I take bus number 30 again to the Bygdøy peninsula. From the final stop, the road to Paradisbukta Beach leads right. It’s a pleasant walk through the forest with many paths where you’ll encounter runners or cyclists. If you stick to the main road, you won’t get lost, plus there are signposts. After about 10 minutes, you reach the beach itself. The left part is sandy, while the right side consists of stone slabs shaped by water erosion. There is, of course, a ladder to enter the water, so you don’t have to hesitate too much.

Paradisbukta BeachParadisbukta BeachParadisbukta BeachBygdøy Sjøbad BeachBygdøy Peninsula

If you continue along the coast, you will reach Bygdøy Sjøbad Beach. It is again a sandy beach with yellowish sand and a very gradual entry into the water. Unlike Huk, it is more suitable for families with children due to its accessibility. The only downside, besides the accessibility, is that boats park there, but Norwegians surely insist on them being eco-friendly. You can return either by the same forest path or through the center of the island on open field paths. From the meadow, you have a view of the glistening diving bridge.

Day 3 – Fram and Kon-Tiki Museums

Arctic Ship Gjøa

Today is forecasted to rain, so I plan to visit museums. By the way, a good weather app is the Norwegian Yr app. The most significant museums are on the Bygdøy peninsula.
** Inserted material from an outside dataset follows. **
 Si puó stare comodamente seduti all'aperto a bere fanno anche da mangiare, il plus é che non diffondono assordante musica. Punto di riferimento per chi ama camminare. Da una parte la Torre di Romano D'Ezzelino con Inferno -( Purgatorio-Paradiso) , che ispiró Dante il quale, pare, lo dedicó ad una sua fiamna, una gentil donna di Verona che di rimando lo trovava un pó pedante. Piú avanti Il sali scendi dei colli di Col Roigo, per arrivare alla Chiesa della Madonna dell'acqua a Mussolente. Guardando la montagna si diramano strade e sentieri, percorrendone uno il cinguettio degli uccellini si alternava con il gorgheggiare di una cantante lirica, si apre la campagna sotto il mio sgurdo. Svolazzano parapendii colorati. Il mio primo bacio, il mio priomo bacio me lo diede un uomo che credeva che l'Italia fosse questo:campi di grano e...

Among them, I mention the Fram Museum, Kon-Tiki Museum, and Viking Ship Museum.TIP: The combined ticket to the Fram + Kon-Tiki museums costs 220 NOK (separately you would pay 120 NOK + 120 NOK)

The Fram Museum is the most visited museum in all of Norway. You can go through the entire museum at a leisurely pace in 2 hours. Fram translates to forward, which perfectly captures its purpose in the conquest of the North and South Poles. It’s interesting that the museums were built around the ships and not the other way around. At the beginning, it’s worth waiting for the video where you can learn about the history of the polar ships Fram and Gjøa and the famous Norwegian explorers Nansen and Amundsen. Nansen made the first voyage on the Fram to the Arctic in the years 1893-1896, where the ship proved itself in extreme conditions. The most famous was the third expedition in the years 1910-1912 led by Roald Amundsen, who managed to reach the South Pole on December 14, 1911. He outpaced the English explorer Robert Scott, who arrived a month later, and unfortunately, his expedition perished on the way back.
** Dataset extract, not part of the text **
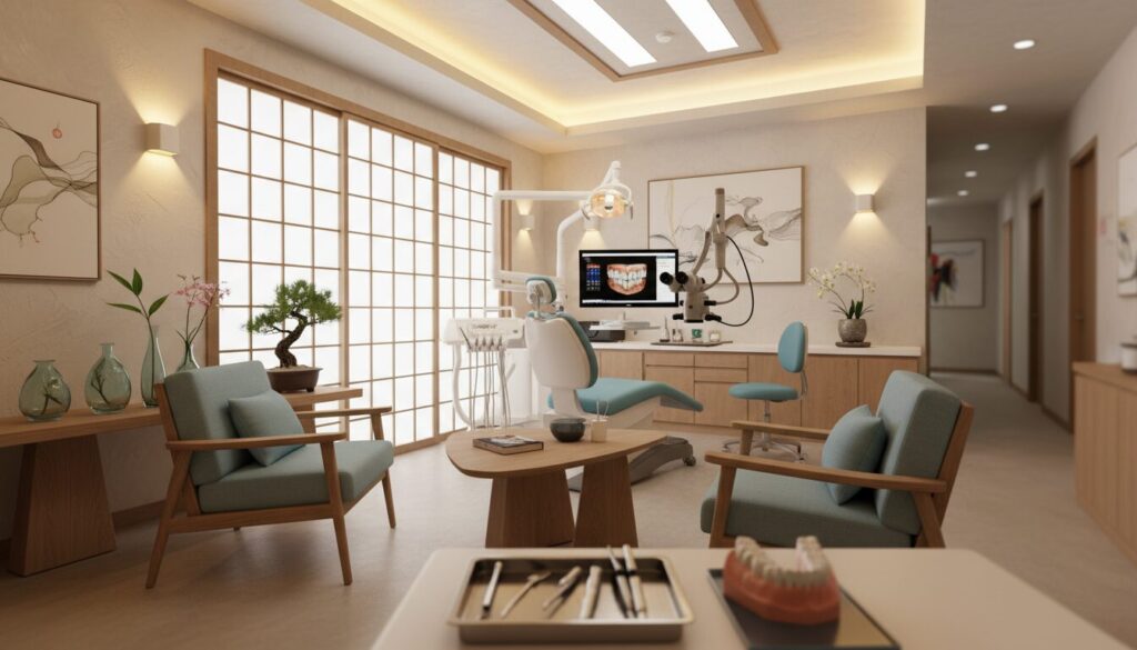 インプラント治療の流れを示す歯科診療室の様子インプラント治療の流れと各段階の期間

The tour of the Fram starts on the deck of the ship, where you can grab the wheel or ring the bell. You continue down the stairs to the lower deck, where you can see the cabins, the dining room, or the technical rooms. Among the authentic items, there is, for example, a Singer sewing machine or a piano. The ship was very well sealed against the common -40°C temperatures in Antarctica, so after a while, we were sweating. During the museum tour, you can also see a life-sized polar bear. It was a feared creature by all polar explorers since an encounter with it would mean certain death. The good news is that there are no polar bears in Antarctica.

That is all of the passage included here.